▶ [Recorded data]:
——————————
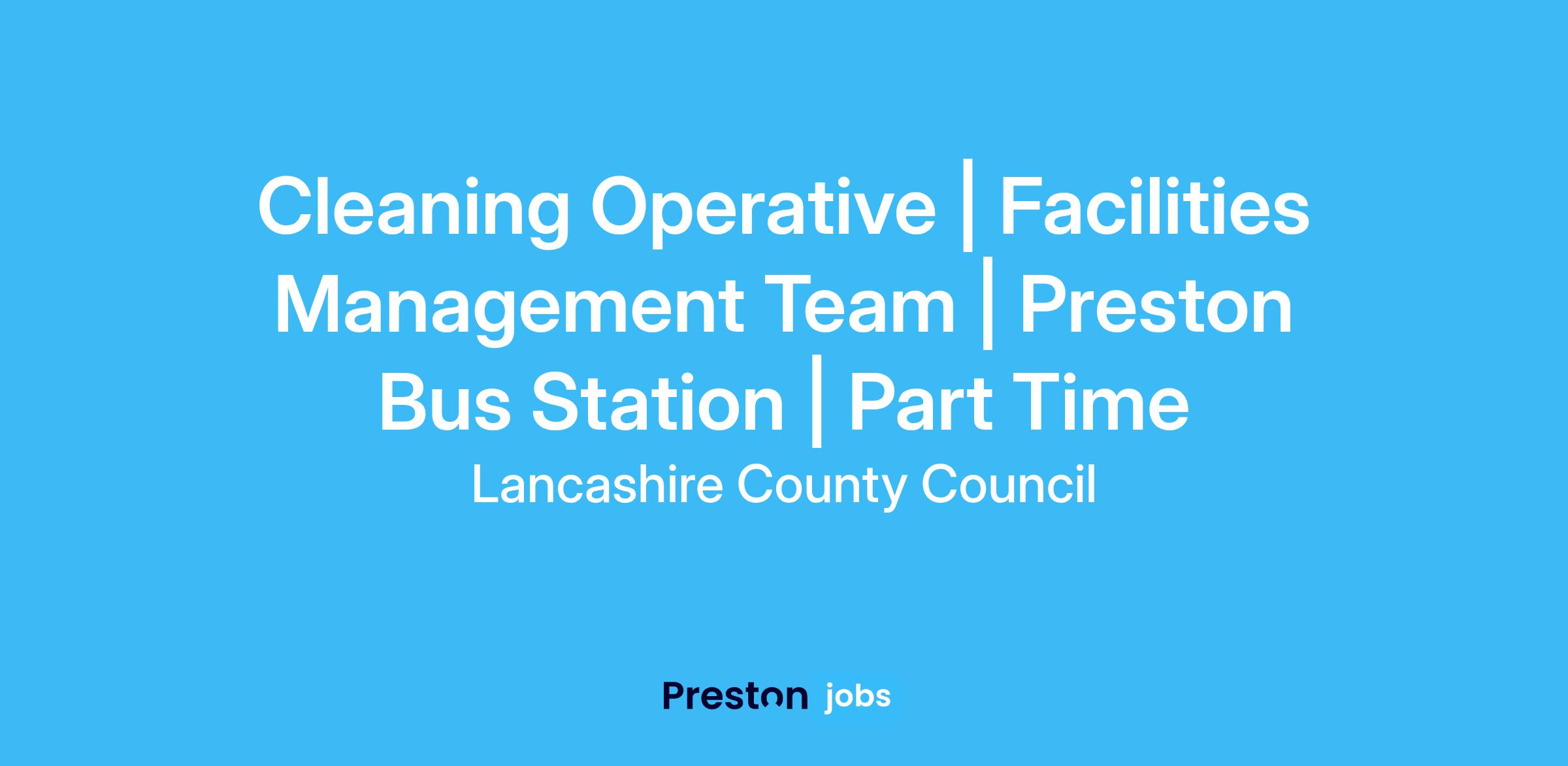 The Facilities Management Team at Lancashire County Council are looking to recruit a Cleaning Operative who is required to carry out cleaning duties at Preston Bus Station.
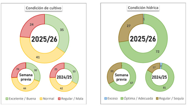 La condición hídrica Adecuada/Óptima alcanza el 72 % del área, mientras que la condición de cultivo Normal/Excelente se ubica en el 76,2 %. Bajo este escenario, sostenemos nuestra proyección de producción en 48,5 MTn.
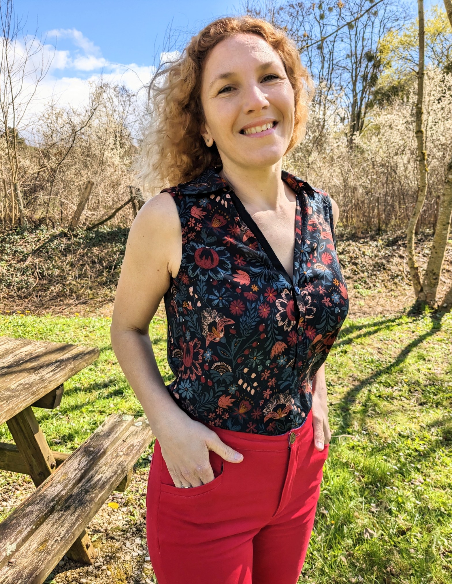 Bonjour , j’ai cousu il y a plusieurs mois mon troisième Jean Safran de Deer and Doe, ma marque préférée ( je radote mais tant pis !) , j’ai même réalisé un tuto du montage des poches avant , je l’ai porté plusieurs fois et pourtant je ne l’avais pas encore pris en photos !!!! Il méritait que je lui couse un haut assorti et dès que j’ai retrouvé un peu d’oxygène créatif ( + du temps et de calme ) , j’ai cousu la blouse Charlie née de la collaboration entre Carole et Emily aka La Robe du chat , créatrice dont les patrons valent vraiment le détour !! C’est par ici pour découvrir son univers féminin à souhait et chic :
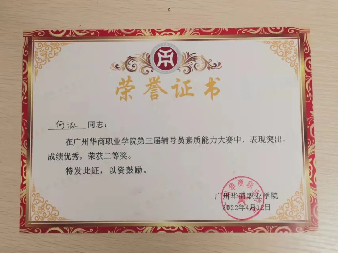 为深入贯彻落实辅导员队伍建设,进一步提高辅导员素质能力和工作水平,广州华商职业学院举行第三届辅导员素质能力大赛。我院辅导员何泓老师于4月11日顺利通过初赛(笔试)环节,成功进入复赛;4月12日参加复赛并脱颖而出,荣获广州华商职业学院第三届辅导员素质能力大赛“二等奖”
——————————
▶ [Required action]:
If a line holds a picture, skip the picture and transcribe the rest of the material exactly.

▶ [Reply to the task]:
 The Facilities Management Team at Lancashire County Council are looking to recruit a Cleaning Operative who is required to carry out cleaning duties at Preston Bus Station.
 La condición hídrica Adecuada/Óptima alcanza el 72 % del área, mientras que la condición de cultivo Normal/Excelente se ubica en el 76,2 %. Bajo este escenario, sostenemos nuestra proyección de producción en 48,5 MTn.
 Bonjour , j’ai cousu il y a plusieurs mois mon troisième Jean Safran de Deer and Doe, ma marque préférée ( je radote mais tant pis !) , j’ai même réalisé un tuto du montage des poches avant , je l’ai porté plusieurs fois et pourtant je ne l’avais pas encore pris en photos !!!! Il méritait que je lui couse un haut assorti et dès que j’ai retrouvé un peu d’oxygène créatif ( + du temps et de calme ) , j’ai cousu la blouse Charlie née de la collaboration entre Carole et Emily aka La Robe du chat , créatrice dont les patrons valent vraiment le détour !! C’est par ici pour découvrir son univers féminin à souhait et chic :
 为深入贯彻落实辅导员队伍建设,进一步提高辅导员素质能力和工作水平,广州华商职业学院举行第三届辅导员素质能力大赛。我院辅导员何泓老师于4月11日顺利通过初赛(笔试)环节,成功进入复赛;4月12日参加复赛并脱颖而出,荣获广州华商职业学院第三届辅导员素质能力大赛“二等奖”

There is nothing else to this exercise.